Wait, I din't hear about this? So the world was going to end and I wasn't prepared with 7 tons of machine guns, ammo, bottled water and twinkes? Better stark stocking up then, lol.

Seriously though, I wish people would stop with these theories on the world ending. They make no sense. What makes you think think the world is going to end on a charted specific time and date? If anything, it'll just come out of nowhere. And real talk, _no one knows when their world is going to end_, why waste time worrying about that while your still here?

Btw, I remember 12/21/12 because I was super sick with the flu, I seriously thought my world was going to end haha.


----------



## pillow bunny (Aug 16, 2015)

when I was 6 some kids in my class told me the world was going to end in 5 million years and I cried
then they said it was okay because we'd all be dead by then anyways

that was uh, probably not as reassuring as they thought it would be


----------



## mintellect (Aug 19, 2015)

KawaiiX3 said:


> I'm scared right now.
> But I highly doubt this will happen. I was 7 when December 21st, 2012 was around. I was scared to death and was super clingy to my mom. But look, I was 3 when June 6, 2006 was supposedly gonna happen.  So yeah, it's not gonna happen :0



I was those ages too, but I had no idea people were saying the world was gonna end on those days, so it was just a regular day for me. Although I remember seeing a newspaper a few years ago saying an asteroid was coming towards Earth and it would crash in November. It never happened.


----------



## jiny (Aug 19, 2015)

Magic Marshmallow said:


> I was those ages too, but I had no idea people were saying the world was gonna end on those days, so it was just a regular day for me. Although I remember seeing a newspaper a few years ago saying an asteroid was coming towards Earth and it would crash in November. It never happened.
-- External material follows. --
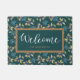 Esta esteira bem-vinda floral colorida caracteriza flores pintadas aguarela com luz - as flores todas azuis e do roxo em um fundo escuro da cerceta. A palavra "boa vinda" aparece uma mão branca na moda escrita o texto do estilo. O texto feito sob encomenda permite que você adicione seu nome.

well I was weird back then


----------



## Hamusuta (Aug 19, 2015)

Magic Marshmallow said:


> I was those ages too, but I had no idea people were saying the world was gonna end on those days, so it was just a regular day for me. Although I remember seeing a newspaper a few years ago saying an asteroid was coming towards Earth and it would crash in November. It never happened.
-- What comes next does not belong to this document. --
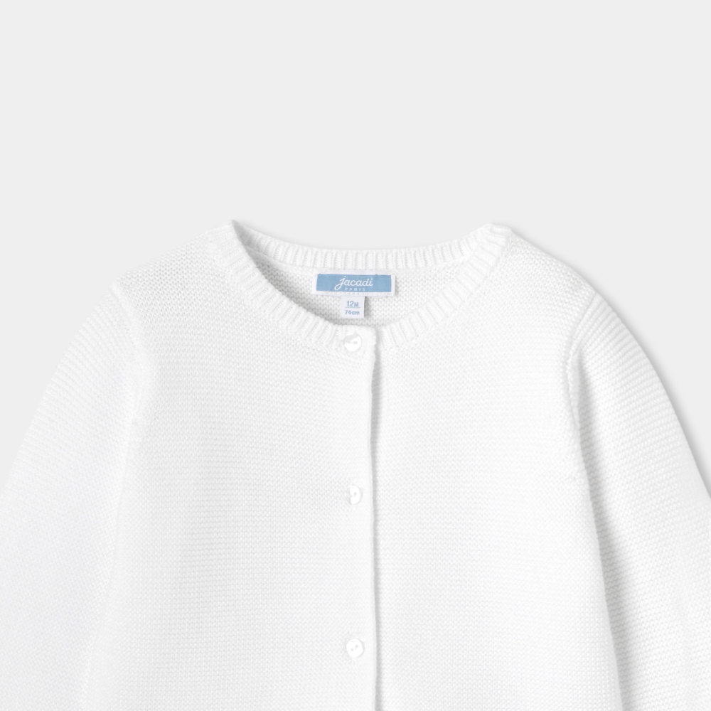 Gardırobun zamansız parçalarından biri olan bu kız bebek hırka, kolay kombinlenebilen şık renk tonlarıyla tasarlanmıştır. Haroşa örgü dokusu ve minimal tasarımıyla öne çıkan bu model, bluz veya t-shirtlerin üzerine giyilerek ilkbahar günlerinde bebeğinizi sıcak tutarken zarif bir görünüm sunar.

Misty Marshmallow is my friends drag queen name and I thought your name was misty marshmallow for a second and I was about to scream. I am v disappointed :'(


----------



## mintellect (Aug 19, 2015)

I think I do remember some day in December, there was a ton of snow and the lights went out in school and we had to go home early. That might've been the 21st.


----------



## Hamusuta (Aug 20, 2015)

Magic Marshmallow said:


> I think I do remember some day in December, there was a ton of snow and the lights went out in school and we had to go home early. That might've been the 21st.



misty marshmallow pls


----------



## ApolloJusticeAC (Aug 20, 2015)

MyLifeIsCake said:


> Wait, I din't hear about this? So the world was going to end and I wasn't prepared with 7 tons of machine guns, ammo, bottled water and twinkes? Better stark stocking up then, lol.
> 
> Seriously though, I wish people would stop with these theories on the world ending. They make no sense. What makes you think think the world is going to end on a charted specific time and date? If anything, it'll just come out of nowhere. And real talk, _no one knows when their world is going to end_, why waste time worrying about that while your still here?
> 
> Btw, I remember 12/21/12 because I was super sick with the flu, I seriously thought my world was going to end haha.


omg that happened to me too xp. i was just a 7 year old kid watching cheap cool crazy on the start channel thinking about death.


----------